Opening south directly onto the Atlantic, its eastern shore is formed by the Aspotogan Peninsula and its western shore is formed by the First Peninsula (of Lunenburg). The Chester Peninsula juts several kilometres into Mahone Bay at roughly its midpoint.

The bay's geological history differs from its eastern neighbour, St. Margarets Bay, in that Mahone Bay shows a greater variety of soils and bedrock. Numerous glacial drumlins on the western shore near the towns of Mahone Bay and Lunenburg have produced soil conditions suitable for small-scale farming operations.

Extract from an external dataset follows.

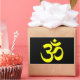 Yellow Om symbol on black. You can change the background color. If you'd like to add customized text try the color code FFFF00.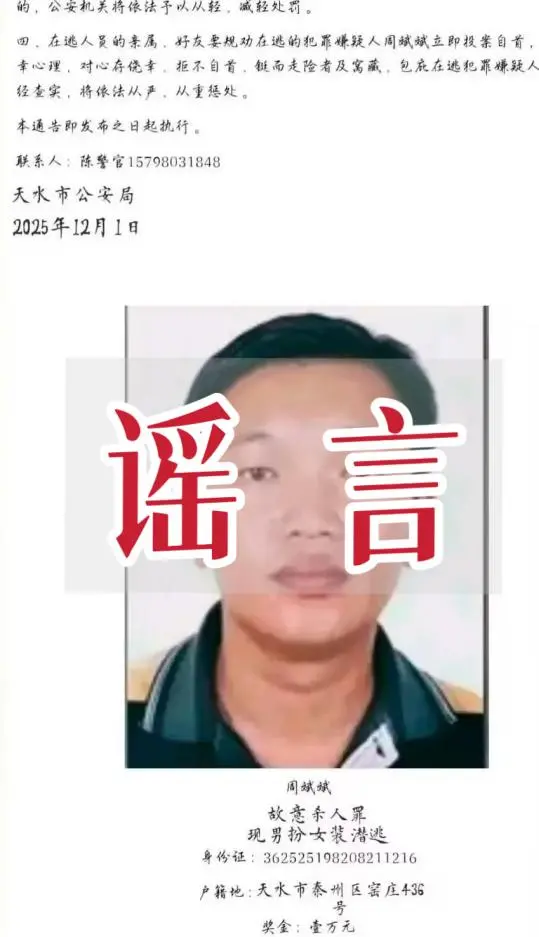 近日,有网民发布“麦积区苹果小镇学生被杀”“天水精神病杀人”“一男扮女装故意杀人犯流窜作案”等图文视频,引发网民关注,造成群众恐慌。

Mahone Bay also differs from St. Margarets Bay in that it is dotted with innumerable small and medium-sized islands throughout its waters. The shelter provided by these islands, along with the summer southwesterly flow, led to the scenery around Mahone Bay becoming a tourist attraction in itself. Today the towns of Chester and Mahone Bay have become a destination for cruising in pleasure yachts. A scenic provincial park at Graves Island just east of Chester is a popular camping destination.

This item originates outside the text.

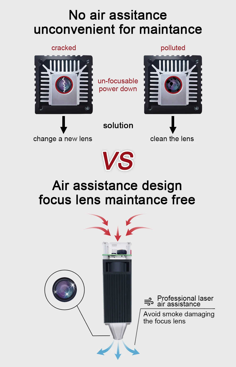 Лазерная головка с фиксированным фокусом, подходит для трехосевой гравировальной машины, легко устанавливается.

Mahone Bay is home to numerous picturesque working fishing communities, one of the most famous being the communities of Big Tancook and Little Tancook, on Big Tancook Island and Little Tancook Island respectively. Other important fishing ports include Blandford.

==In popular culture==
Frank Parker Day's novel Rockbound takes place on the fictional island of the same name, which was based on the nearby island of East Ironbound and includes references to many other Mahone Bay islands and towns. Day visited the area and created Rockbound as a fictionalized, exaggerated account of life on the islands.

Mahone Bay contains Oak Island, well known in connection with tales of buried treasure.